Structural resilience in organic–inorganic stacked assemblies: sulfur-mediated self-compensating interaction and metal identity masking in group 10 dithiocarbamate cocrystals with tetracyanobenzene
Abstract
This work investigates the relative influence of metal identity versus ligand environment in determining supramolecular architecture of stacked hybrid organic–inorganic systems. We demonstrate a sulfur-mediated self-compensating mechanism that masks metal-specific electronic differences, enabling ligand-controlled assembly over conventional metal-directed organization.

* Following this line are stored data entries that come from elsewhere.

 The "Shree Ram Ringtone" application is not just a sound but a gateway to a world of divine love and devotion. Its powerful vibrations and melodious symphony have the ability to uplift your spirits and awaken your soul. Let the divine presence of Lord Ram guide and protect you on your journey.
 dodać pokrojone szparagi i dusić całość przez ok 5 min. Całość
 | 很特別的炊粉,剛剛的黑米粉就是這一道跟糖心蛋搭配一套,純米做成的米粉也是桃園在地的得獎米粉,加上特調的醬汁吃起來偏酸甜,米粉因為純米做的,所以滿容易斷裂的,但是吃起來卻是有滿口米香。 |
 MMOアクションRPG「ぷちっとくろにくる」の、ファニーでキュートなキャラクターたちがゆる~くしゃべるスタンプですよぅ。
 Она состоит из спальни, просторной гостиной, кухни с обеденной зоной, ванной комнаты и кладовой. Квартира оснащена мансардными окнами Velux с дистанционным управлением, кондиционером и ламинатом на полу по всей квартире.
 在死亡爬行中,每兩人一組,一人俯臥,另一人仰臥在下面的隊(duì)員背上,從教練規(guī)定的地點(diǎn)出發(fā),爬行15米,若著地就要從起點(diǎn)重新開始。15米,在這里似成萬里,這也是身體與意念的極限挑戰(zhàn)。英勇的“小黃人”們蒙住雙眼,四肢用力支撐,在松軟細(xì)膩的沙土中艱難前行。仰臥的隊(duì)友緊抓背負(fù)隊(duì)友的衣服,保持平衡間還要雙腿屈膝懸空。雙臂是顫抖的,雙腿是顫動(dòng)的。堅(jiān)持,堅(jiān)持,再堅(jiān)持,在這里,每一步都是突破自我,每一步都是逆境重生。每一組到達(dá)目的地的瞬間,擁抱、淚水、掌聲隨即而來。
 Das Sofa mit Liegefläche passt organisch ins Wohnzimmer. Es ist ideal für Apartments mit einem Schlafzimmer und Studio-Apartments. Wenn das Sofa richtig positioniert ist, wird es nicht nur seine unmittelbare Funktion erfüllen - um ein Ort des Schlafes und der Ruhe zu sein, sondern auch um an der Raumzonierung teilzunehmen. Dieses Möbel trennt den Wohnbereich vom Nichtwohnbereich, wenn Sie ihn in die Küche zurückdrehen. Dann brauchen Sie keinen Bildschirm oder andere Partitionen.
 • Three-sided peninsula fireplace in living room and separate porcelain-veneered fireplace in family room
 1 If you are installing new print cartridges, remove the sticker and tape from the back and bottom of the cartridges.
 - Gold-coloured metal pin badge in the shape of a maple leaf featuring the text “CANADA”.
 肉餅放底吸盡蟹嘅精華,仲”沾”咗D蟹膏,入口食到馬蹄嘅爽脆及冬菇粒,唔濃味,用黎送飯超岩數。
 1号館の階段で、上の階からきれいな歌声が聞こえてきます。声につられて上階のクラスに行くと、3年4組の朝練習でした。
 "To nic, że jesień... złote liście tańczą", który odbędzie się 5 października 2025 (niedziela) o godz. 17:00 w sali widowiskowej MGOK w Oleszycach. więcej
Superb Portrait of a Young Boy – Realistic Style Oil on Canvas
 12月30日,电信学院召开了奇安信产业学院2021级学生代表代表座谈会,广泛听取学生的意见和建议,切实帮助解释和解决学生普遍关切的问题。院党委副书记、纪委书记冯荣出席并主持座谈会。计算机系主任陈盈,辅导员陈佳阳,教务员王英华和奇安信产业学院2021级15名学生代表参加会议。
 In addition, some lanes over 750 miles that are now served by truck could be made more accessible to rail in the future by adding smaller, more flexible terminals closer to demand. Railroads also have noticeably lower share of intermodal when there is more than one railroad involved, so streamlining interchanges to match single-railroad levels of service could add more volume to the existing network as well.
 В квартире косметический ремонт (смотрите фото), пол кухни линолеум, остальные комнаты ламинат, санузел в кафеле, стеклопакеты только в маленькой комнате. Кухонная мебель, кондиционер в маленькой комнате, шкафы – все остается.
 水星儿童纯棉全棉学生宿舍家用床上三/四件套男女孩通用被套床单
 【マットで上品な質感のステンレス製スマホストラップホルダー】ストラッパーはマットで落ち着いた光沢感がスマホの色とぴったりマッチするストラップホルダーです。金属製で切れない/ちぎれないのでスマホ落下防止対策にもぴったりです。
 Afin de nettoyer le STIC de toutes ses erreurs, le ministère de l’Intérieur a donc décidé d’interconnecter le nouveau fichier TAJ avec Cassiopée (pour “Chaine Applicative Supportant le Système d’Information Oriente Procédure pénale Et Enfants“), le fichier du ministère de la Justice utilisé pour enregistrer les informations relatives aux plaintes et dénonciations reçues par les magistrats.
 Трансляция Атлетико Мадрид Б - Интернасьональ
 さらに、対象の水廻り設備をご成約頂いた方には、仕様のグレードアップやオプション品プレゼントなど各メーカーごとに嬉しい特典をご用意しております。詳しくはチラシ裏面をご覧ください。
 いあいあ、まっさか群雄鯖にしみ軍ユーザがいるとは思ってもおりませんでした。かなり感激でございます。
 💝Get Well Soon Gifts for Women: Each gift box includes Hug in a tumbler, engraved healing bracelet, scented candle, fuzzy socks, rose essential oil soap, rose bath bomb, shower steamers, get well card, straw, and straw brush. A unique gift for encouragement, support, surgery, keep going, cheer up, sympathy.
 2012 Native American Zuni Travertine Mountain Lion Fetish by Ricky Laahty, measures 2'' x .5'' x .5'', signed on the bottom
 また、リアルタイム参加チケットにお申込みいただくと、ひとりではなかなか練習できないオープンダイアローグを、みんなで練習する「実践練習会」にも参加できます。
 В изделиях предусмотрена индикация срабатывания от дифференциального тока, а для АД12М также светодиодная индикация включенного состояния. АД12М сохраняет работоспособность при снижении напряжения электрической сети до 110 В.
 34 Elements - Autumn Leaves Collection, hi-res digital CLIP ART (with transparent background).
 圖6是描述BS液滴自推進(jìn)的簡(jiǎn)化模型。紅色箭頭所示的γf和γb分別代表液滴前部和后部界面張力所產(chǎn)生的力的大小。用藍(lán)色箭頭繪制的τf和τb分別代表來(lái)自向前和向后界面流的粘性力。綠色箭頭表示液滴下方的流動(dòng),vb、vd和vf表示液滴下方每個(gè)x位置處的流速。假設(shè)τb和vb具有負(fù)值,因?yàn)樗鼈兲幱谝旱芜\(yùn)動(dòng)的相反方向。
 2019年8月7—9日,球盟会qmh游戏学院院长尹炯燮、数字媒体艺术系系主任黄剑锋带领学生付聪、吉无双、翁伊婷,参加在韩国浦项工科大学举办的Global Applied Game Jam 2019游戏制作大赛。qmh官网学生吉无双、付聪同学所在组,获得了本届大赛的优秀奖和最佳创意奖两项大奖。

Through systematic investigation of group 10 metal dithiocarbamate cocrystals [M(S2CNR2)2] (M = Ni, Pd, Pt; R2 = alkyl) with 1,2,4,5-tetracyanobenzene, we reveal structural resilience—identical parallel-displaced supramolecular architectures are maintained across the entire Ni–Pd–Pt triad despite fundamental differences in dz2-orbital nucleophilicity that typically govern such assemblies. This contradicts established principles where metal variation should produce distinctly different structural outcomes. Comprehensive quantum chemical analysis using QTAIM, IGM, ETS-NOCV, and energy decomposition methods reveals that S atoms from the dithiocarbamate ligands actively neutralize inherent metal-specific properties, creating electronically equivalent {MS4} building blocks. Despite different metals, remarkably consistent interaction energies (−40.6 to −42.8 kcal mol−1) and metal contributions (13.9–15.9%) demonstrate functional equivalence in the supramolecular recognition. Our study establishes ligand-mediated metal identity masking as a design principle for creating structurally predictable metal-involving materials regardless of metal center.